++++ DATASET EXCERPTS
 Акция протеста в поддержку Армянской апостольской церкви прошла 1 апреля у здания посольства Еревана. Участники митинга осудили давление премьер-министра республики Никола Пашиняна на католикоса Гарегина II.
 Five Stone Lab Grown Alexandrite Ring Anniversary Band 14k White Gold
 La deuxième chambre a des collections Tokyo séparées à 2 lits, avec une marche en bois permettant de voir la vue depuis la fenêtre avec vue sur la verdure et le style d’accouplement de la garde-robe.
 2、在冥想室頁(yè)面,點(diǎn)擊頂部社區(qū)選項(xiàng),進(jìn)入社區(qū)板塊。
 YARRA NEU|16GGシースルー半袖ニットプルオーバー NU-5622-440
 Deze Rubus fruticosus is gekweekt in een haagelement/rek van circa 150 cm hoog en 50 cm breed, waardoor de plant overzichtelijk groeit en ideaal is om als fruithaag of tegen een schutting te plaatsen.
++++++++
++++ DATASET EXCERPTS
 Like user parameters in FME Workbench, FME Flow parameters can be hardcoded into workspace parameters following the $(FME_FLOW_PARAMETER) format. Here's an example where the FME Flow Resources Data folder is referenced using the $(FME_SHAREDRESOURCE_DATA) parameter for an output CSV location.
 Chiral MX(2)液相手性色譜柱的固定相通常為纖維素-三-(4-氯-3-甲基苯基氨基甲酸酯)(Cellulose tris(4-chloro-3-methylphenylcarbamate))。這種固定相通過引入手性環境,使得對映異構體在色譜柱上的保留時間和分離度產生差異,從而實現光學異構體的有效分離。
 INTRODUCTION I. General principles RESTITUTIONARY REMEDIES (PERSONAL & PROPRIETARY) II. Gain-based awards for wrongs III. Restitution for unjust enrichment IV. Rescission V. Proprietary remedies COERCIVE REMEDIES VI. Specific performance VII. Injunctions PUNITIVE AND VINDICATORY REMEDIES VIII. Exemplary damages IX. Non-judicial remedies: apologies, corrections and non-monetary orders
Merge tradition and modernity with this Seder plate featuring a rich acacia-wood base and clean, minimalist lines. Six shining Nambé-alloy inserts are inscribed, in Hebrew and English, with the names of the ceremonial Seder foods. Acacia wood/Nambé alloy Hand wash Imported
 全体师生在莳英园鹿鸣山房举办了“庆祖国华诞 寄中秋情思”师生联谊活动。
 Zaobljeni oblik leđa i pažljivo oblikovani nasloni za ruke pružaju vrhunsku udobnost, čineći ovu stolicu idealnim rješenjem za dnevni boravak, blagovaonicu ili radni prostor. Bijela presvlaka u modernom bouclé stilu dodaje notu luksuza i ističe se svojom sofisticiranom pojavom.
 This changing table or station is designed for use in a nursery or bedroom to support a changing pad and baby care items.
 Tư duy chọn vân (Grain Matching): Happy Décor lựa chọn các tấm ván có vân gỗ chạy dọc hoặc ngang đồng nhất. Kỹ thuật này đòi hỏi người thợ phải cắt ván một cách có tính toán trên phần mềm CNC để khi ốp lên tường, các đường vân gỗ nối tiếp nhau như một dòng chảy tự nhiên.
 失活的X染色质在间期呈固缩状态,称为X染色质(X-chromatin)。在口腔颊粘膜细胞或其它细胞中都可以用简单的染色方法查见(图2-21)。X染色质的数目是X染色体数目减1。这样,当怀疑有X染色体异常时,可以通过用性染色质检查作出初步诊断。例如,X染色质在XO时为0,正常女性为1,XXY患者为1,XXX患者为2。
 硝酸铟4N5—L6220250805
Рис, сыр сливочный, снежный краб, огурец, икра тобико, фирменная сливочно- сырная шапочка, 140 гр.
++++++++
__PROBLEM__
Look back at the entries above. Retype the line with "Акция протеста в", the line with "Deze Rubus fruticosus", and all lines in between.

__OUTPUT OF THE EXERCISE__
 Акция протеста в поддержку Армянской апостольской церкви прошла 1 апреля у здания посольства Еревана. Участники митинга осудили давление премьер-министра республики Никола Пашиняна на католикоса Гарегина II.
 Five Stone Lab Grown Alexandrite Ring Anniversary Band 14k White Gold
 La deuxième chambre a des collections Tokyo séparées à 2 lits, avec une marche en bois permettant de voir la vue depuis la fenêtre avec vue sur la verdure et le style d’accouplement de la garde-robe.
 2、在冥想室頁(yè)面,點(diǎn)擊頂部社區(qū)選項(xiàng),進(jìn)入社區(qū)板塊。
 YARRA NEU|16GGシースルー半袖ニットプルオーバー NU-5622-440
 Deze Rubus fruticosus is gekweekt in een haagelement/rek van circa 150 cm hoog en 50 cm breed, waardoor de plant overzichtelijk groeit en ideaal is om als fruithaag of tegen een schutting te plaatsen.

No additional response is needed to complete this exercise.